→ Task objective:
Start to finish, retype the entries exactly while omitting the pictures.

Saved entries
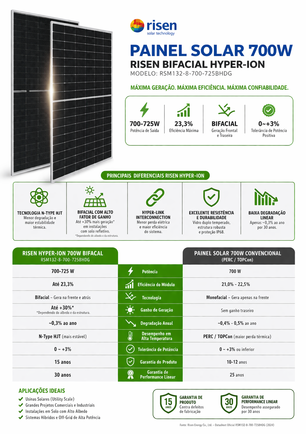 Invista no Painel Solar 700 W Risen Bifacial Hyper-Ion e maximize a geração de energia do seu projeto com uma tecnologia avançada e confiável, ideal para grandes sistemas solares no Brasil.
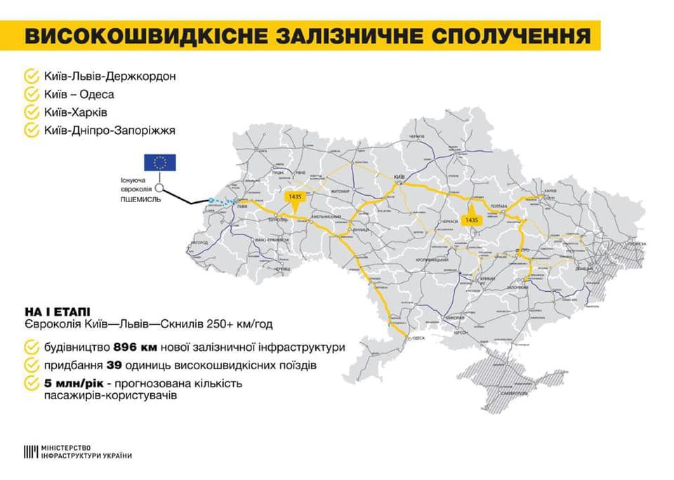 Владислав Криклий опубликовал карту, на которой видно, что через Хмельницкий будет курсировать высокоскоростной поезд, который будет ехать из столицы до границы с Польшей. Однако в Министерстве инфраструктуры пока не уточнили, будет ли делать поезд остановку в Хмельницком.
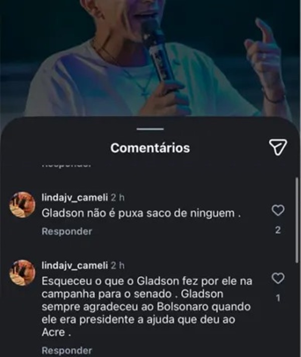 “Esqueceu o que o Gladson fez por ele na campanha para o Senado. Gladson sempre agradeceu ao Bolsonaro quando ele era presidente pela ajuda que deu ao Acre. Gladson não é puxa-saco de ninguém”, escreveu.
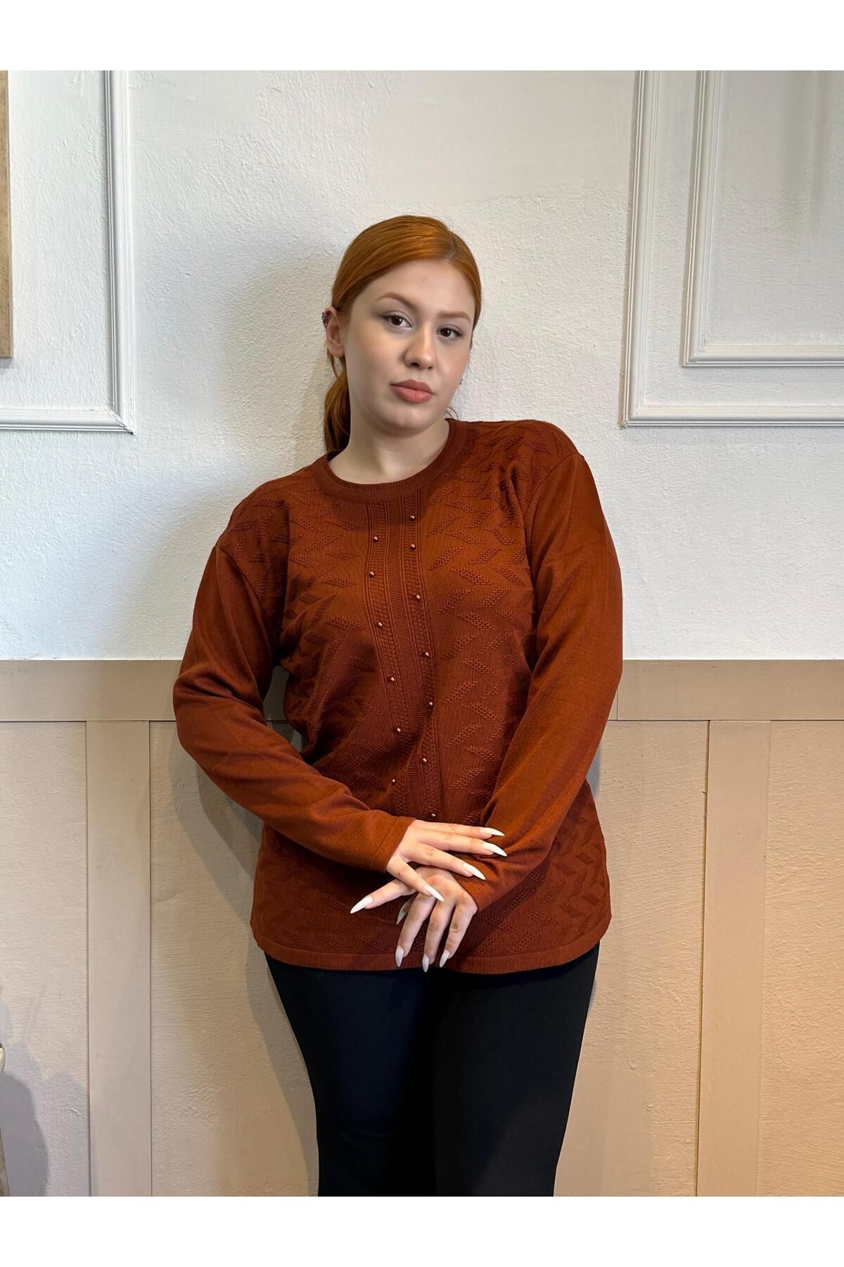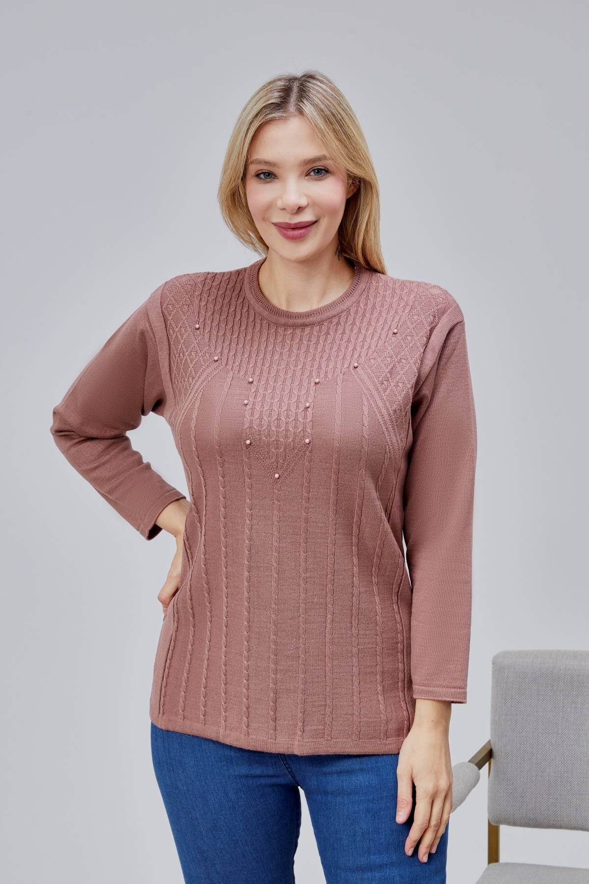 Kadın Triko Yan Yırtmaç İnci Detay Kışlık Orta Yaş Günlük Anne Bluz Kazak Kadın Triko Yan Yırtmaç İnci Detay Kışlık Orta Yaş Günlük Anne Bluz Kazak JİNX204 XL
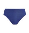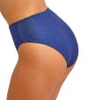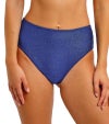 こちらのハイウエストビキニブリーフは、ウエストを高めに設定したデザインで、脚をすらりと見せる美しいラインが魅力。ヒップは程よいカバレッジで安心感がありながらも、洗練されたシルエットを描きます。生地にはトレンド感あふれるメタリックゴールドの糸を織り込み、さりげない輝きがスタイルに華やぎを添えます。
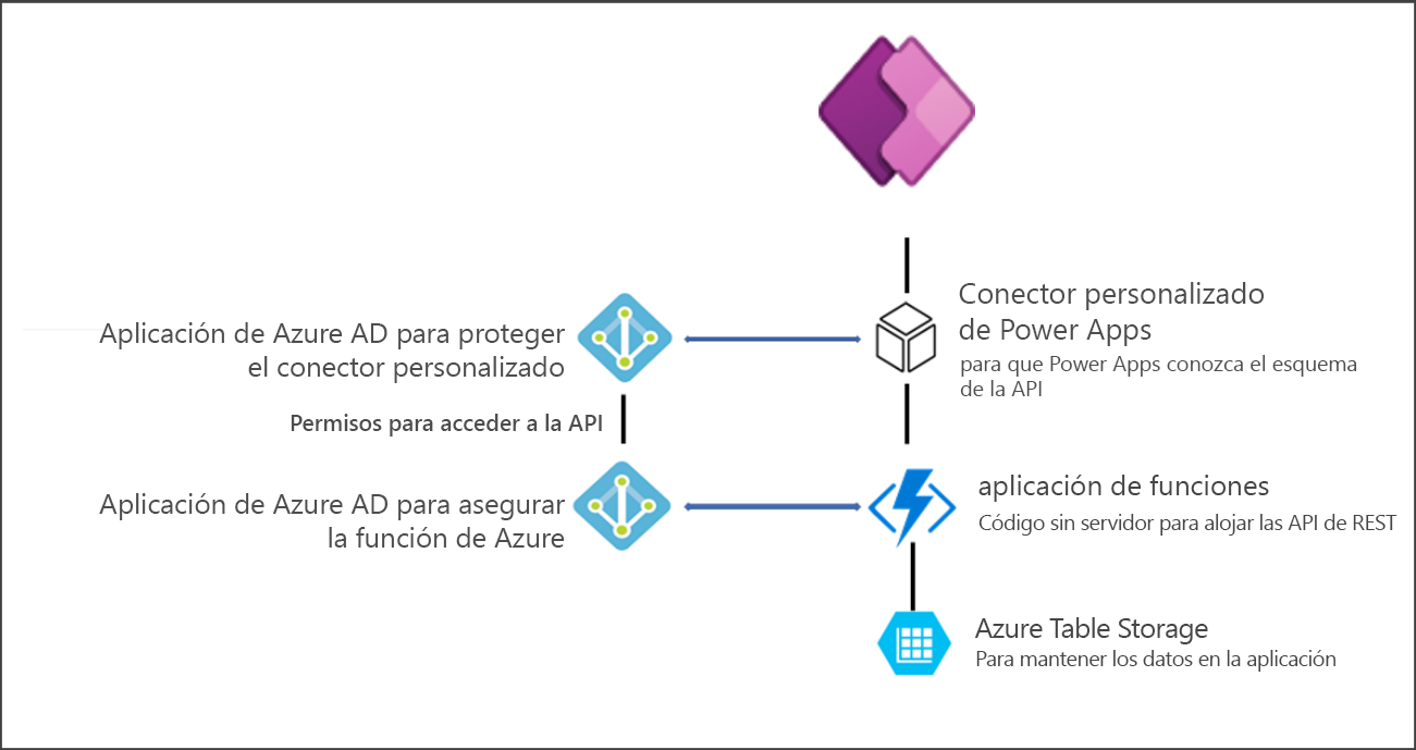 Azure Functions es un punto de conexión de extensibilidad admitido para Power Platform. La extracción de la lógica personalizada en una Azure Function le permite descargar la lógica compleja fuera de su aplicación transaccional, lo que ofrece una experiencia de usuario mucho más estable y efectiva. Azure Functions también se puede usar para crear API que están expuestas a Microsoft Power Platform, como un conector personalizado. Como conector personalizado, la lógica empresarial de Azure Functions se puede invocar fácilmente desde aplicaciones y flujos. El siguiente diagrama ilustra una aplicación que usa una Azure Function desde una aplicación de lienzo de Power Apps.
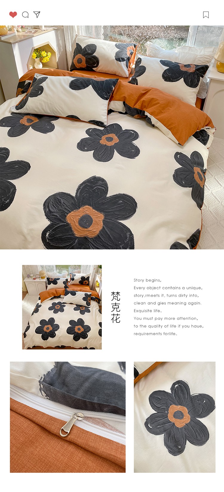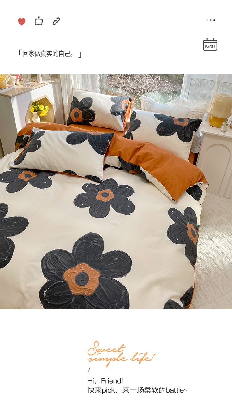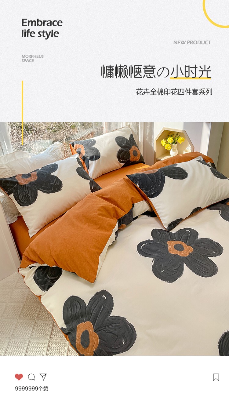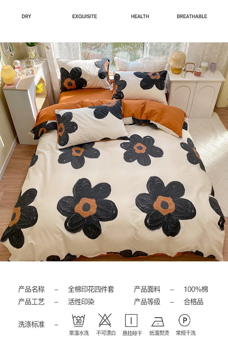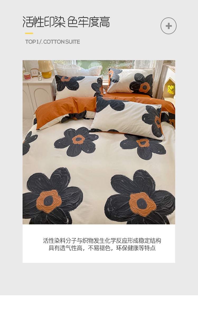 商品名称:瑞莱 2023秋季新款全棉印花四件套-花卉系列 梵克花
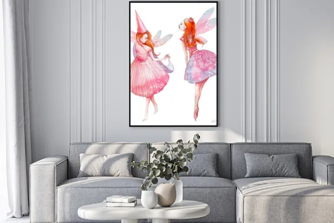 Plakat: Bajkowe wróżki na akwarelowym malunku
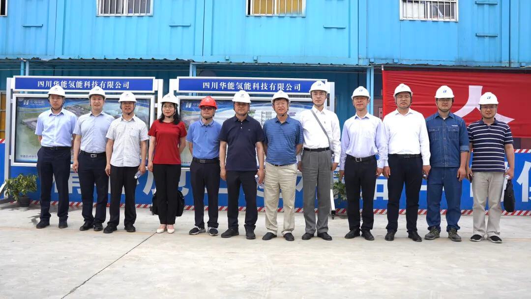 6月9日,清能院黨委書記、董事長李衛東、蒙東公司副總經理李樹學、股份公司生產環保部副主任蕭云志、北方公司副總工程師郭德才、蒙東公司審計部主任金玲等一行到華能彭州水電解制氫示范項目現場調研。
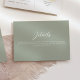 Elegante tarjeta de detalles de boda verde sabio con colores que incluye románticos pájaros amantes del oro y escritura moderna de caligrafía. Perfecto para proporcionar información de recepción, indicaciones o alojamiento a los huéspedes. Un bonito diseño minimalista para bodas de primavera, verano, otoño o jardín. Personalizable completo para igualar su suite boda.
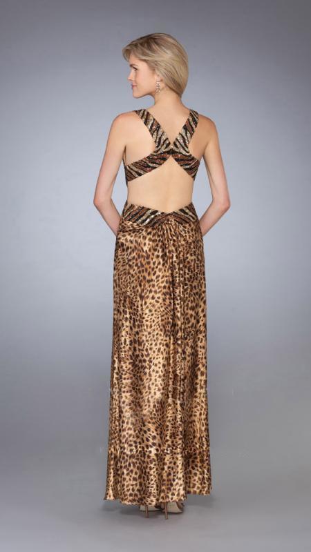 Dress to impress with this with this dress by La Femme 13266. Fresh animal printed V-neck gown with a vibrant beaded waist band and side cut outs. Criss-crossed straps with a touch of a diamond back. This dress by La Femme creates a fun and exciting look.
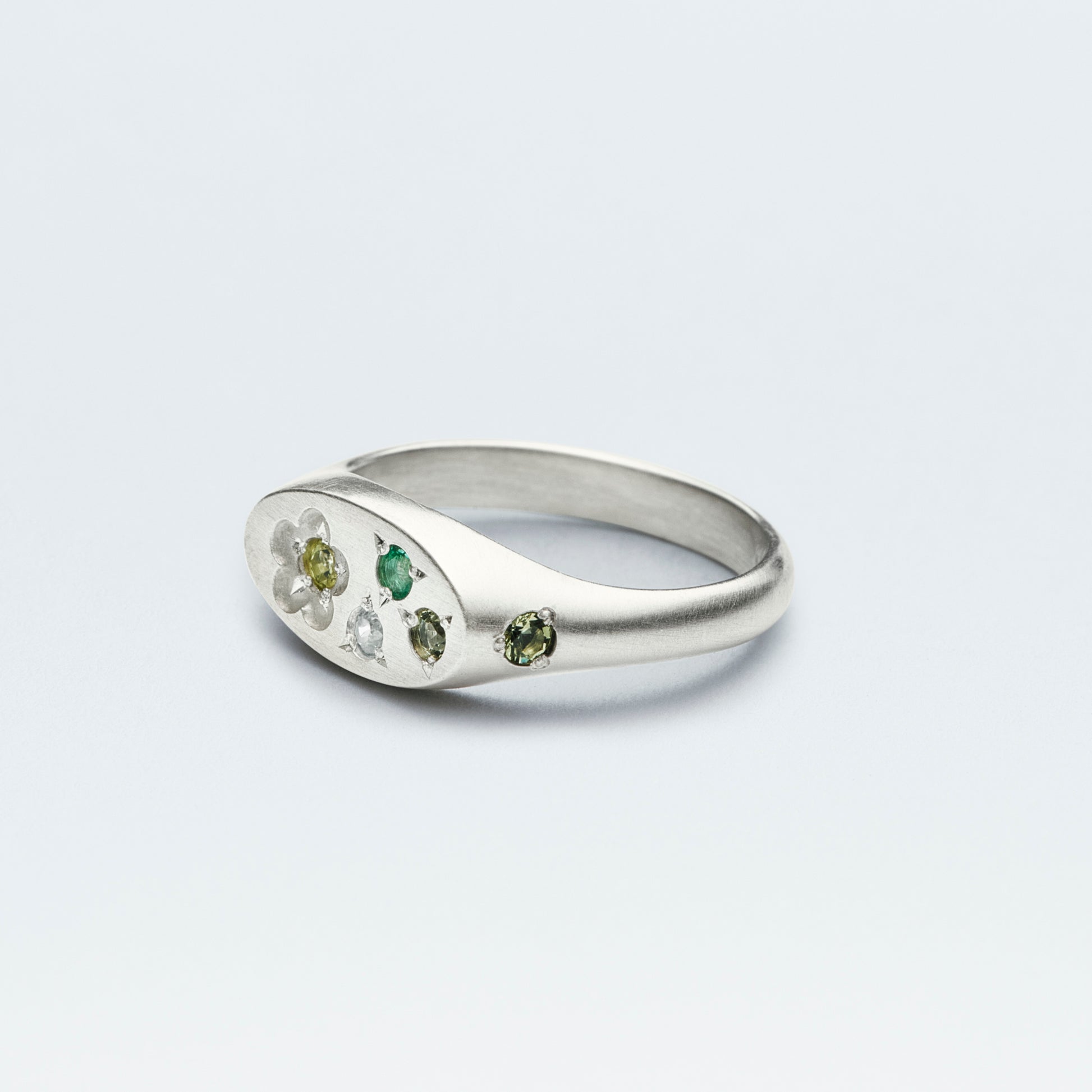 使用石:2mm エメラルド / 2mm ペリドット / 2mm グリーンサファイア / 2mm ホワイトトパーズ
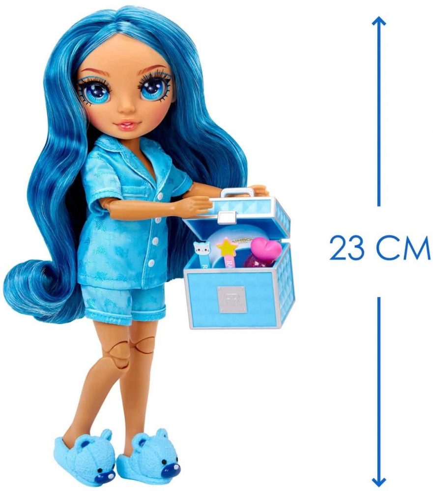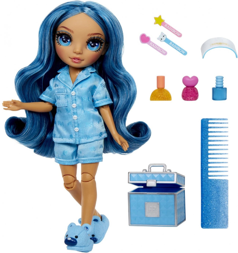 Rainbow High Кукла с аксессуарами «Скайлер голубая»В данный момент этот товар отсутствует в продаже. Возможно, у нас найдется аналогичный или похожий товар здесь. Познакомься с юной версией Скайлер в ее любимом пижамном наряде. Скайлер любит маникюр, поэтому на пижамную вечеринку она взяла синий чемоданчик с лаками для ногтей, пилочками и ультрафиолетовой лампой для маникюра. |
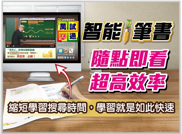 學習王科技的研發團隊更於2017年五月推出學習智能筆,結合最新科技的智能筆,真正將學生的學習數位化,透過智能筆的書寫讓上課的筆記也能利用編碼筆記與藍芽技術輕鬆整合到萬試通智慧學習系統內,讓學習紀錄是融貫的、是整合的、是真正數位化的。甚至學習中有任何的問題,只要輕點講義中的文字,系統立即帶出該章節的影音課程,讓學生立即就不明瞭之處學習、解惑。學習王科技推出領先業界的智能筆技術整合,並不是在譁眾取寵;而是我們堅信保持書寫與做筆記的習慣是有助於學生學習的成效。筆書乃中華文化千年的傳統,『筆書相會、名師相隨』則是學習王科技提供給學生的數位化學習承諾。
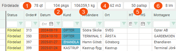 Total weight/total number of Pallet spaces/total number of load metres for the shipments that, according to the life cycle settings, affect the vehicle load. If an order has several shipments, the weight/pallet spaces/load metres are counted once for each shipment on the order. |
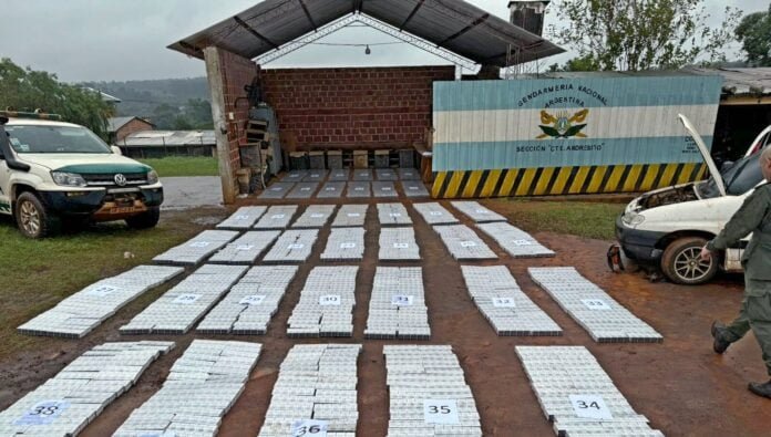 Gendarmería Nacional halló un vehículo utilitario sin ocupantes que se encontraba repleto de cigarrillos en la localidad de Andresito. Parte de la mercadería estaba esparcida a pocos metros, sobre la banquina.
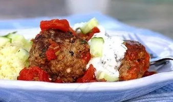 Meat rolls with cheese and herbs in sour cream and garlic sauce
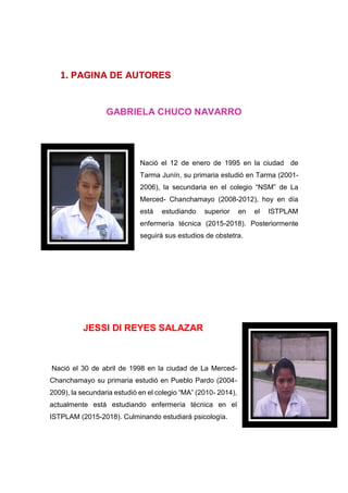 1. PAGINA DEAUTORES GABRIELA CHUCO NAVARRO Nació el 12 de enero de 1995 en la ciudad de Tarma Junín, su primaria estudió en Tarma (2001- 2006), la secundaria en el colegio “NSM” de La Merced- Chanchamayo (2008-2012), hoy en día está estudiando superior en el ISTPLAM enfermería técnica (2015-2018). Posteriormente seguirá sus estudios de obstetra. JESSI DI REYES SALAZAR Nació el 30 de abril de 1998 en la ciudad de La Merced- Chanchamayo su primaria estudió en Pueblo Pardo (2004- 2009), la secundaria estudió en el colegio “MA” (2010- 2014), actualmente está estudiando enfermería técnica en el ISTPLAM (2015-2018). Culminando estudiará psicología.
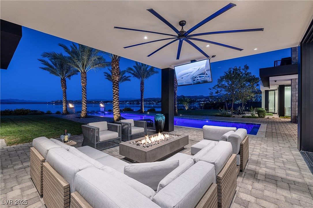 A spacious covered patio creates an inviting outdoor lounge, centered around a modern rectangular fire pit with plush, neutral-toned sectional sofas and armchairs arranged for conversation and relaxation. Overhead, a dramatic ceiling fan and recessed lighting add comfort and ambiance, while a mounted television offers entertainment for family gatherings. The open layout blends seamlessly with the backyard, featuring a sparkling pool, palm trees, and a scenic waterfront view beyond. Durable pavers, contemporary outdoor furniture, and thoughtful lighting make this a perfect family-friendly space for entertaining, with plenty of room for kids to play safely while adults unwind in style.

→ Solved problem:
 Invista no Painel Solar 700 W Risen Bifacial Hyper-Ion e maximize a geração de energia do seu projeto com uma tecnologia avançada e confiável, ideal para grandes sistemas solares no Brasil.
 Владислав Криклий опубликовал карту, на которой видно, что через Хмельницкий будет курсировать высокоскоростной поезд, который будет ехать из столицы до границы с Польшей. Однако в Министерстве инфраструктуры пока не уточнили, будет ли делать поезд остановку в Хмельницком.
 “Esqueceu o que o Gladson fez por ele na campanha para o Senado. Gladson sempre agradeceu ao Bolsonaro quando ele era presidente pela ajuda que deu ao Acre. Gladson não é puxa-saco de ninguém”, escreveu.
 Kadın Triko Yan Yırtmaç İnci Detay Kışlık Orta Yaş Günlük Anne Bluz Kazak Kadın Triko Yan Yırtmaç İnci Detay Kışlık Orta Yaş Günlük Anne Bluz Kazak JİNX204 XL
 こちらのハイウエストビキニブリーフは、ウエストを高めに設定したデザインで、脚をすらりと見せる美しいラインが魅力。ヒップは程よいカバレッジで安心感がありながらも、洗練されたシルエットを描きます。生地にはトレンド感あふれるメタリックゴールドの糸を織り込み、さりげない輝きがスタイルに華やぎを添えます。
 Azure Functions es un punto de conexión de extensibilidad admitido para Power Platform. La extracción de la lógica personalizada en una Azure Function le permite descargar la lógica compleja fuera de su aplicación transaccional, lo que ofrece una experiencia de usuario mucho más estable y efectiva. Azure Functions también se puede usar para crear API que están expuestas a Microsoft Power Platform, como un conector personalizado. Como conector personalizado, la lógica empresarial de Azure Functions se puede invocar fácilmente desde aplicaciones y flujos. El siguiente diagrama ilustra una aplicación que usa una Azure Function desde una aplicación de lienzo de Power Apps.
 商品名称:瑞莱 2023秋季新款全棉印花四件套-花卉系列 梵克花
 Plakat: Bajkowe wróżki na akwarelowym malunku
 6月9日,清能院黨委書記、董事長李衛東、蒙東公司副總經理李樹學、股份公司生產環保部副主任蕭云志、北方公司副總工程師郭德才、蒙東公司審計部主任金玲等一行到華能彭州水電解制氫示范項目現場調研。
 Elegante tarjeta de detalles de boda verde sabio con colores que incluye románticos pájaros amantes del oro y escritura moderna de caligrafía. Perfecto para proporcionar información de recepción, indicaciones o alojamiento a los huéspedes. Un bonito diseño minimalista para bodas de primavera, verano, otoño o jardín. Personalizable completo para igualar su suite boda.
 Dress to impress with this with this dress by La Femme 13266. Fresh animal printed V-neck gown with a vibrant beaded waist band and side cut outs. Criss-crossed straps with a touch of a diamond back. This dress by La Femme creates a fun and exciting look.
 使用石:2mm エメラルド / 2mm ペリドット / 2mm グリーンサファイア / 2mm ホワイトトパーズ
 Rainbow High Кукла с аксессуарами «Скайлер голубая»В данный момент этот товар отсутствует в продаже. Возможно, у нас найдется аналогичный или похожий товар здесь. Познакомься с юной версией Скайлер в ее любимом пижамном наряде. Скайлер любит маникюр, поэтому на пижамную вечеринку она взяла синий чемоданчик с лаками для ногтей, пилочками и ультрафиолетовой лампой для маникюра. |
 學習王科技的研發團隊更於2017年五月推出學習智能筆,結合最新科技的智能筆,真正將學生的學習數位化,透過智能筆的書寫讓上課的筆記也能利用編碼筆記與藍芽技術輕鬆整合到萬試通智慧學習系統內,讓學習紀錄是融貫的、是整合的、是真正數位化的。甚至學習中有任何的問題,只要輕點講義中的文字,系統立即帶出該章節的影音課程,讓學生立即就不明瞭之處學習、解惑。學習王科技推出領先業界的智能筆技術整合,並不是在譁眾取寵;而是我們堅信保持書寫與做筆記的習慣是有助於學生學習的成效。筆書乃中華文化千年的傳統,『筆書相會、名師相隨』則是學習王科技提供給學生的數位化學習承諾。
 Total weight/total number of Pallet spaces/total number of load metres for the shipments that, according to the life cycle settings, affect the vehicle load. If an order has several shipments, the weight/pallet spaces/load metres are counted once for each shipment on the order. |
 Gendarmería Nacional halló un vehículo utilitario sin ocupantes que se encontraba repleto de cigarrillos en la localidad de Andresito. Parte de la mercadería estaba esparcida a pocos metros, sobre la banquina.
 Meat rolls with cheese and herbs in sour cream and garlic sauce
 1. PAGINA DEAUTORES GABRIELA CHUCO NAVARRO Nació el 12 de enero de 1995 en la ciudad de Tarma Junín, su primaria estudió en Tarma (2001- 2006), la secundaria en el colegio “NSM” de La Merced- Chanchamayo (2008-2012), hoy en día está estudiando superior en el ISTPLAM enfermería técnica (2015-2018). Posteriormente seguirá sus estudios de obstetra. JESSI DI REYES SALAZAR Nació el 30 de abril de 1998 en la ciudad de La Merced- Chanchamayo su primaria estudió en Pueblo Pardo (2004- 2009), la secundaria estudió en el colegio “MA” (2010- 2014), actualmente está estudiando enfermería técnica en el ISTPLAM (2015-2018). Culminando estudiará psicología.
 A spacious covered patio creates an inviting outdoor lounge, centered around a modern rectangular fire pit with plush, neutral-toned sectional sofas and armchairs arranged for conversation and relaxation. Overhead, a dramatic ceiling fan and recessed lighting add comfort and ambiance, while a mounted television offers entertainment for family gatherings. The open layout blends seamlessly with the backyard, featuring a sparkling pool, palm trees, and a scenic waterfront view beyond. Durable pavers, contemporary outdoor furniture, and thoughtful lighting make this a perfect family-friendly space for entertaining, with plenty of room for kids to play safely while adults unwind in style.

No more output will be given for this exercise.